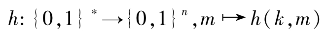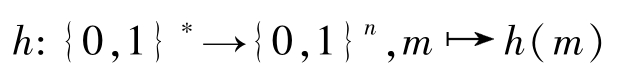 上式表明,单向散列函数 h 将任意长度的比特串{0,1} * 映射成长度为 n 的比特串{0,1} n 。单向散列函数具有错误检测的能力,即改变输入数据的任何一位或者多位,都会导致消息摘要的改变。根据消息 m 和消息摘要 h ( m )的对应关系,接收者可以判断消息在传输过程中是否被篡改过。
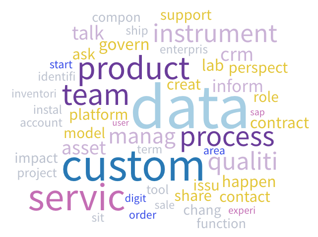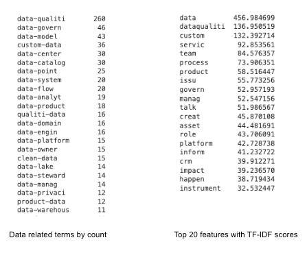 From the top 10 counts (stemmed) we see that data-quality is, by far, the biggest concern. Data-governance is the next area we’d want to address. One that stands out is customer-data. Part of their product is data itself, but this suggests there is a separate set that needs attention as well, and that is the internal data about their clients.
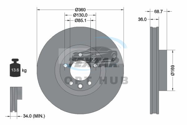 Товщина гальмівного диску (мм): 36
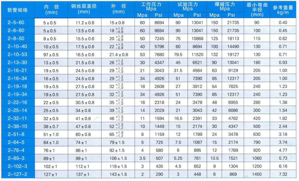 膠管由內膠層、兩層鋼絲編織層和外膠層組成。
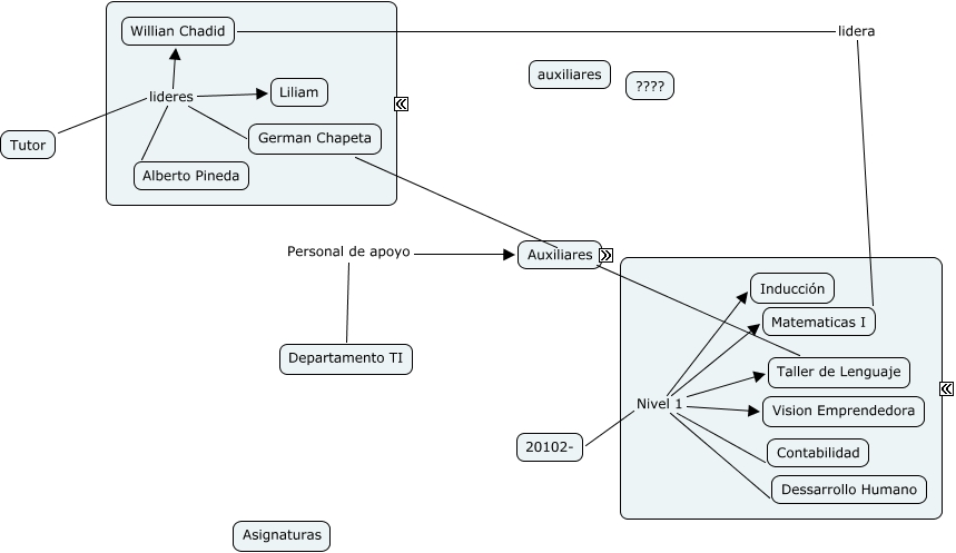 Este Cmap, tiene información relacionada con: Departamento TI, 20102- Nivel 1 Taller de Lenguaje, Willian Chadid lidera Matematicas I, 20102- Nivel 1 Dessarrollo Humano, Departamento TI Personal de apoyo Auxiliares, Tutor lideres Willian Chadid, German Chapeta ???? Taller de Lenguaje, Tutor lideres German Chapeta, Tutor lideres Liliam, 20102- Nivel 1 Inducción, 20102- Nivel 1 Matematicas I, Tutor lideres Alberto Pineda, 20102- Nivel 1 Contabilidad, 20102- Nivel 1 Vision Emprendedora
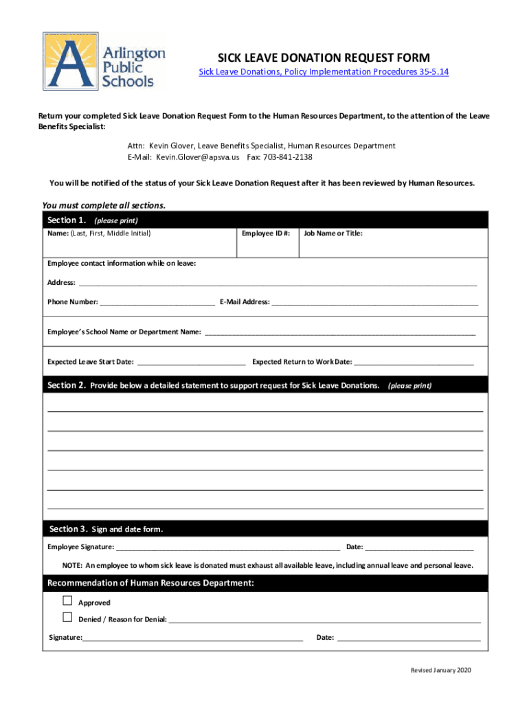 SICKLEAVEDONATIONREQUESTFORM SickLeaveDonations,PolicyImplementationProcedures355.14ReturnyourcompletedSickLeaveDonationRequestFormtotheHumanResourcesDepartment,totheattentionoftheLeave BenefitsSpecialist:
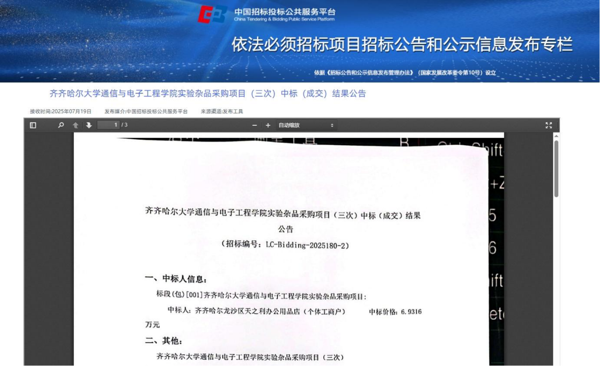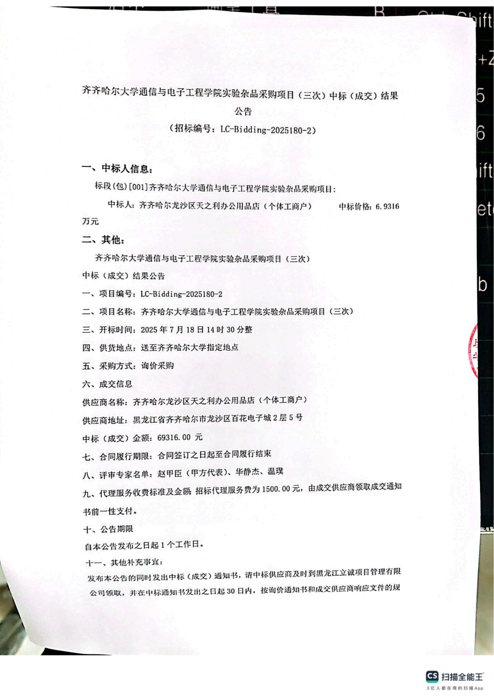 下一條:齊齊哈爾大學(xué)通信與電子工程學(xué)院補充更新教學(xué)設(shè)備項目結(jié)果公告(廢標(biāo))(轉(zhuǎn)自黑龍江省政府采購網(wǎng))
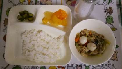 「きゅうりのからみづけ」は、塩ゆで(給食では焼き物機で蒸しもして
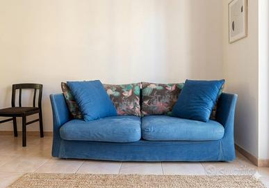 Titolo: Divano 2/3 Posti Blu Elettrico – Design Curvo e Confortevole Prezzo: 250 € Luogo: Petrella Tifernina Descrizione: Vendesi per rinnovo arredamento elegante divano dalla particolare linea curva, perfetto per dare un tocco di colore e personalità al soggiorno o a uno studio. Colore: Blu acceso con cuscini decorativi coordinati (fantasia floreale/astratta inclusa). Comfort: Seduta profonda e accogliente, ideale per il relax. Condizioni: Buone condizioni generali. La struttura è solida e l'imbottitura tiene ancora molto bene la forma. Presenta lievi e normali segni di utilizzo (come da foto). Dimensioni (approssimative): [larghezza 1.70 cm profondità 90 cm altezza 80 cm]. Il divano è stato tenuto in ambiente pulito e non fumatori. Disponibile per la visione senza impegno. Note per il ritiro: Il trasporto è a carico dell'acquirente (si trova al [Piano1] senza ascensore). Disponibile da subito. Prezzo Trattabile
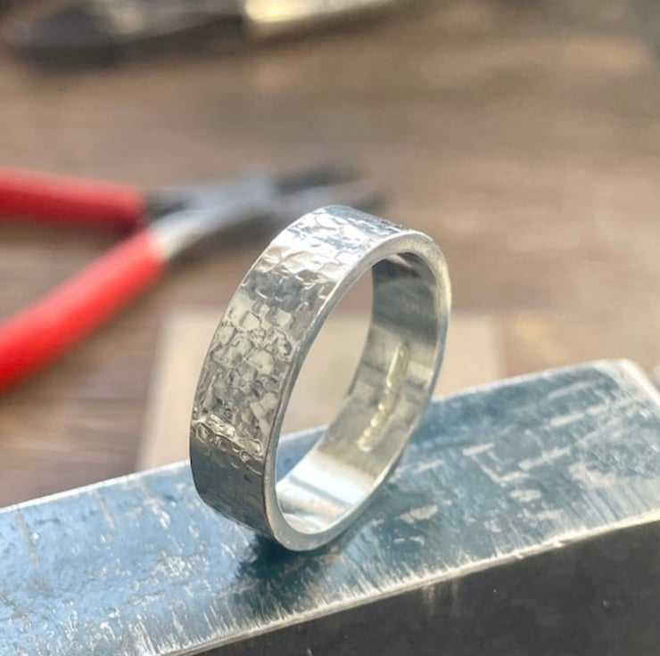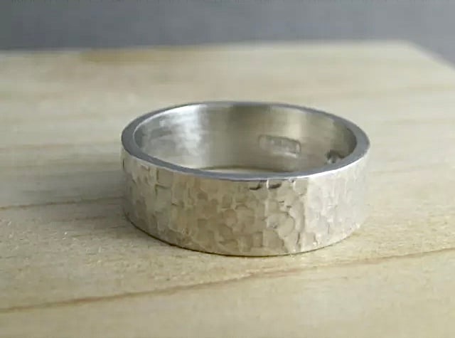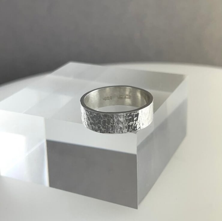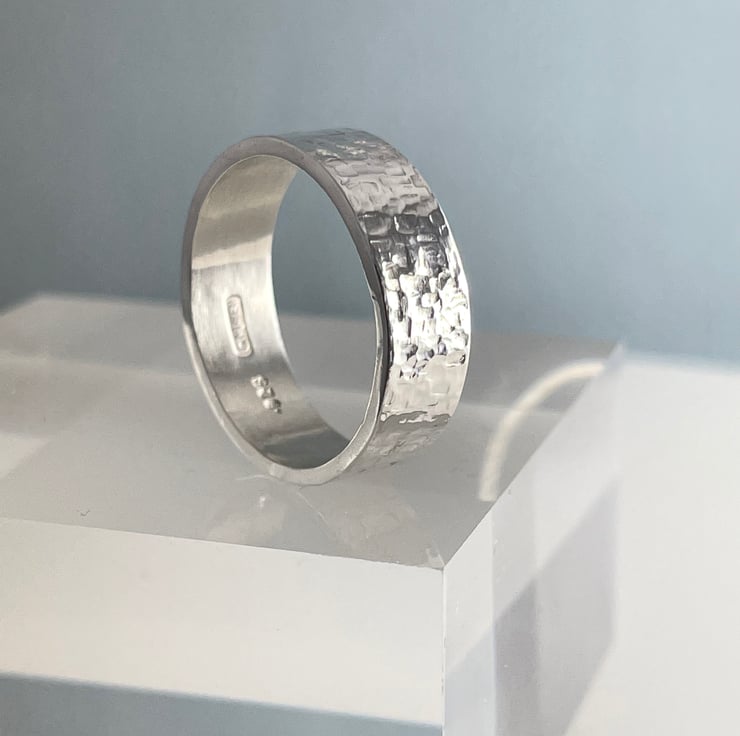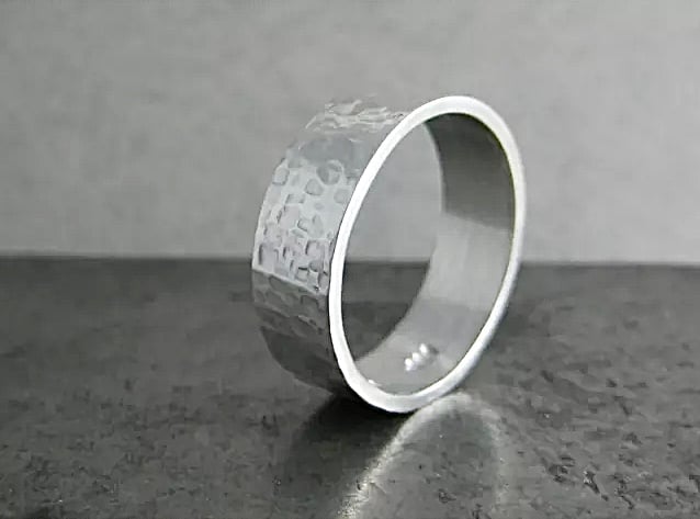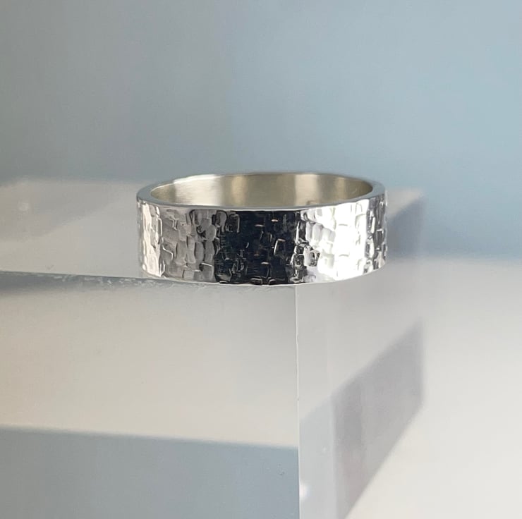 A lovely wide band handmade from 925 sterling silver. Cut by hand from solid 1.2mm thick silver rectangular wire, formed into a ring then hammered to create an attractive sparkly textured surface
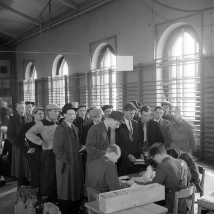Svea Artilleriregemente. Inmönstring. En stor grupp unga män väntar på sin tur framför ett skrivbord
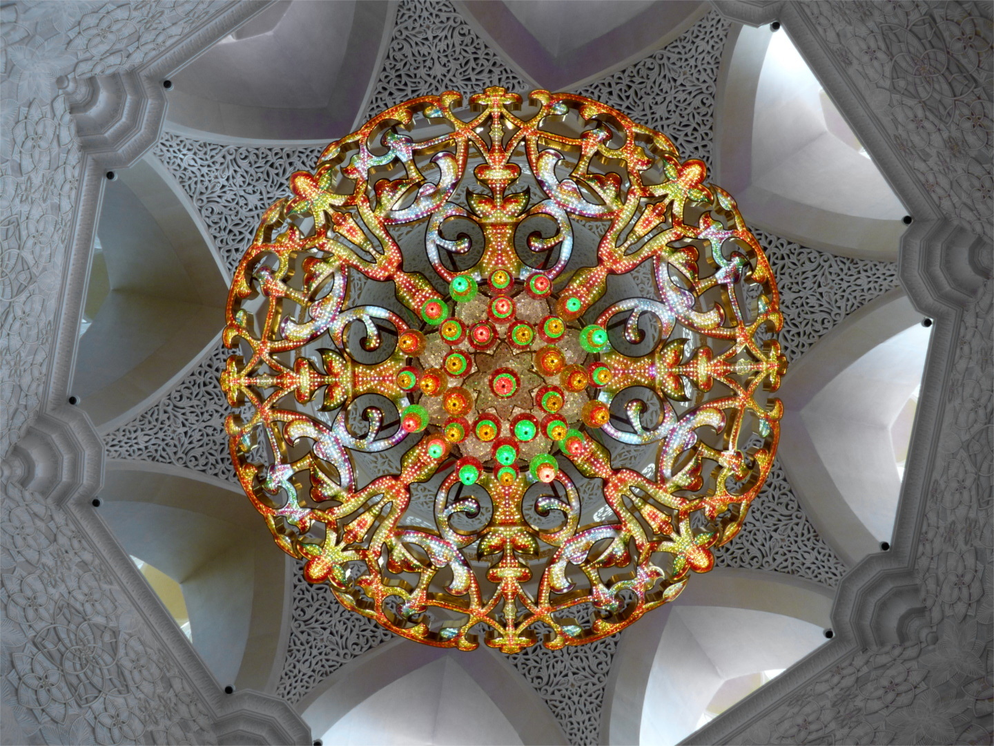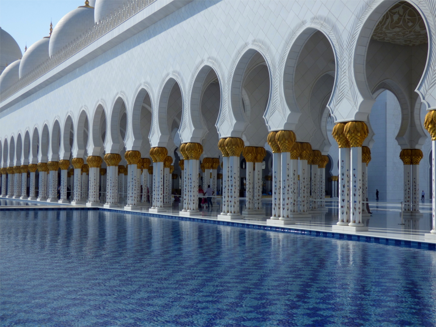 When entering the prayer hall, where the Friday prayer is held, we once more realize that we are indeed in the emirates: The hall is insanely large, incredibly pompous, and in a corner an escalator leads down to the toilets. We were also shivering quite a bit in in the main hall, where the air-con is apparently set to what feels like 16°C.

————

● **What you should do**: Leave out every picture, and copy exactly the lines above starting at the one holding "From the top" and ending at the one holding "膠管由內膠層、兩層鋼絲編織層和外膠層組成。", no more and no less.

● **Answer box**:
 From the top 10 counts (stemmed) we see that data-quality is, by far, the biggest concern. Data-governance is the next area we’d want to address. One that stands out is customer-data. Part of their product is data itself, but this suggests there is a separate set that needs attention as well, and that is the internal data about their clients.
 Товщина гальмівного диску (мм): 36
 膠管由內膠層、兩層鋼絲編織層和外膠層組成。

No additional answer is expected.